Although it is not quite the end of the month, I have received all the dividends that are due in April, and can therefore report on my dividend performance for the month.
I am delighted to report that the amount paid in April was £598.04, which is a great monthly income, and if my assessment of future dividends is correct, will be the first of four months this year where I earn more than £500 in the month. the increase in the month was 29.77% from April last year which is an increase of £137.20 in actual cash terms.
The table below shows the breakdown of where the dividends were paid
Some of the increase is due to two companies in my SIPP changing the month when the dividends were paid (but the months they have moves from will still show an increase compared to last year). The main increase without the month changes has come from my ISA, and this is due to the amount of money invested in the last twelve months, and the re-investment of dividends. In my SIPP the change in income is due to the dividend increases by all the companies paying out in April compared to last year.
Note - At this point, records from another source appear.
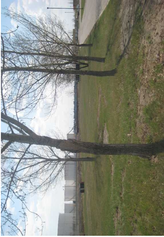
Looking south along east side of Regina Transit building with the Terminal in the left side of the photo.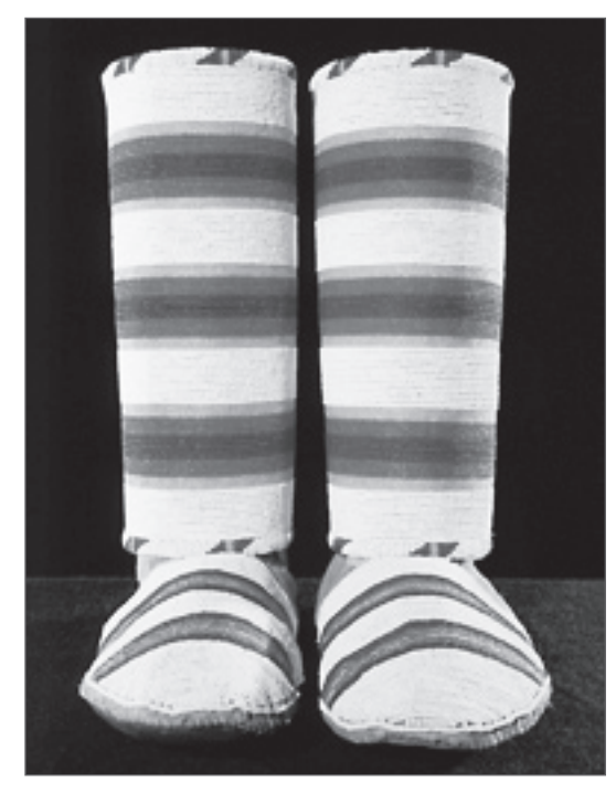
Woman's Leggings and Moccasins, Crow Not dated Seed beads (spot stitch), sinew, leather 9-1/2 \times 13 inches, leggings; 7-1/2 \times 10 \times 4-1/2 inches, moccasins University of Wyoming Art Museum, Peter W. Doss Crow Indian Artifact Collection, no. 239, 384c

In North American Indian tribes, bear claw necklaces were worn by a variety of religious and war leaders. Men's societies of bear healers and bear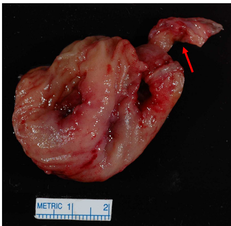
Figure 4 Gross pathology specimen of the patient's resected bowel reveals a Meckel's diverticulum (arrow) with perforation at its tip, attached to the small intestine.

Complications in patients with Meckel's diverticulum are rare; most patients remain asymptomatic for life [3]. In both adults and children, intestinal obstruction and bleeding have been reported to be two of the most common complications of a Meckel's diverticulum [3-6]. Small bowel obstructions related to Meckel's diverticulum have been reported due to intussusception, incarceration in a hernia sac, or entrapment by an adhesive band, or as being secondary to neoplasm [7]. The pre-operative diagnosis of a patient with Meckel's diverticulum often presents a challenge to the clinician in both children and adults, because presenting symptoms can be non-specific and the differential diagnosis broad [4].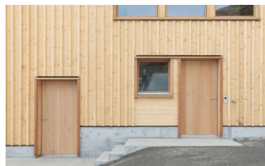
The self-service restaurant in the new timber building on the Carmenna alpine pass.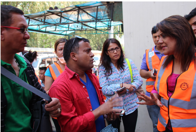
Celebrities discussing with NRNA, ICC Secretary.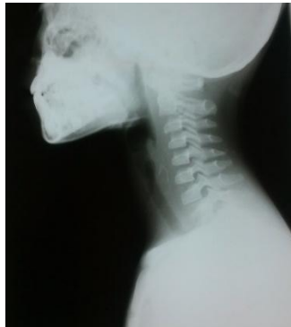
Figure 5. Second neck x-ray before to operation room showing the thickness at retropharynx and opaque appearance (suspect a fish bone) as high as C5-6

could open the mouth widely. On throat examination there was no protude of posterior pharyngeal wall. Before take to the operation room, neck x-ray was repeated (figure 5).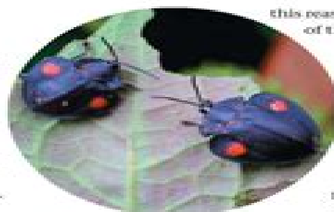
▲ Other organisms also benefit from photosynthesis

Photosynthesis nourishes almost the entire living world directly or indirectly. An organism acquires the organic compounds it uses for energy and carbon skeletons by one of two major modes: autotrophic nutrition or heterotrophic nutrition. Autotrophs are “self-feeders” ( auto- means “self,” and trophos means “feeder”); they sustain themselves without eating anything derived from other living beings. Autotrophs produce their organic molecules from \text{CO}_2 and other inorganic raw materials obtained from the environment. They are the ultimate sources of organic compounds for all nonautotrophic organisms, and for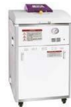
Kh 35 A Sterilizer Ldzf-30l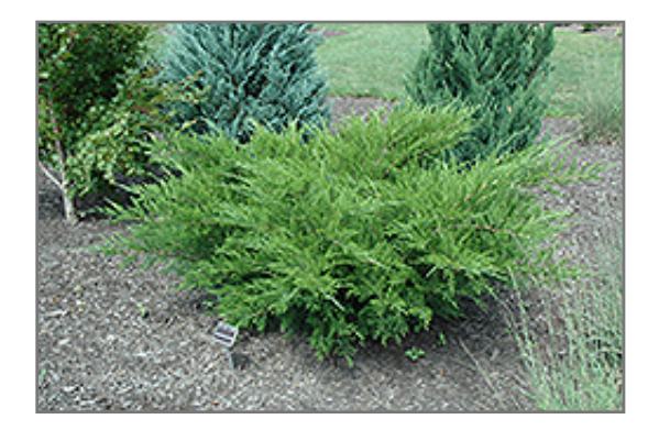
Sea Green Juniper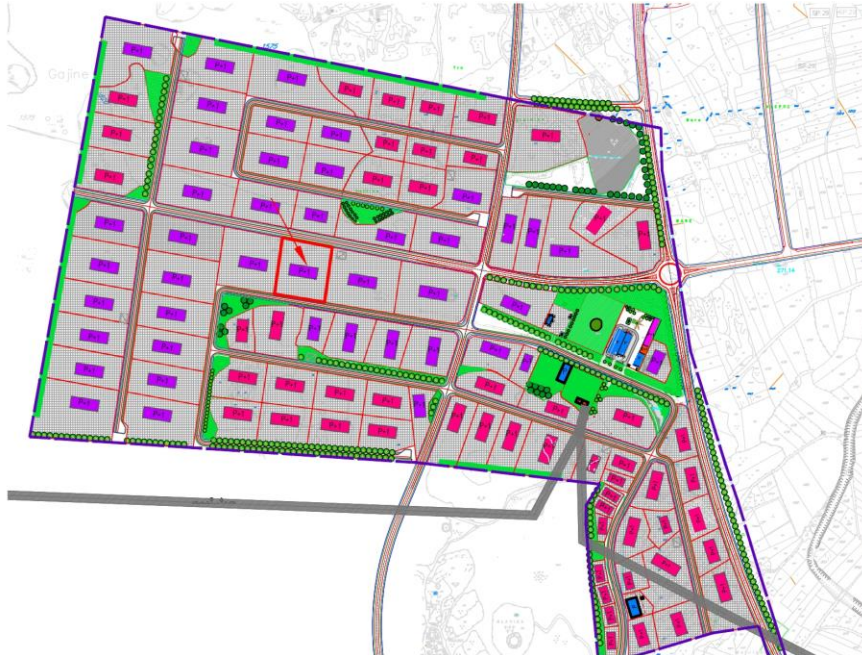
Business zone Volujac

This “pay rise” has come without me having to work any extra hours, or improve my performance and shows the benefit of investing in shares instead of fixed income, as if I held bonds my income would have been no more than last year compared to the 6.85% increase in these companies dividend pay out.
I will therefore continue to invest my money in high quality dividend shares in order to not only provide an income stream, but for that income stream to increase most years (there will be some years when companies hold or cut their dividend, but if this is only one or two from a portfolio, I should still achieve an overall increase). This increase should protect me from inflation over the (hopefully) many years of Financial Independence.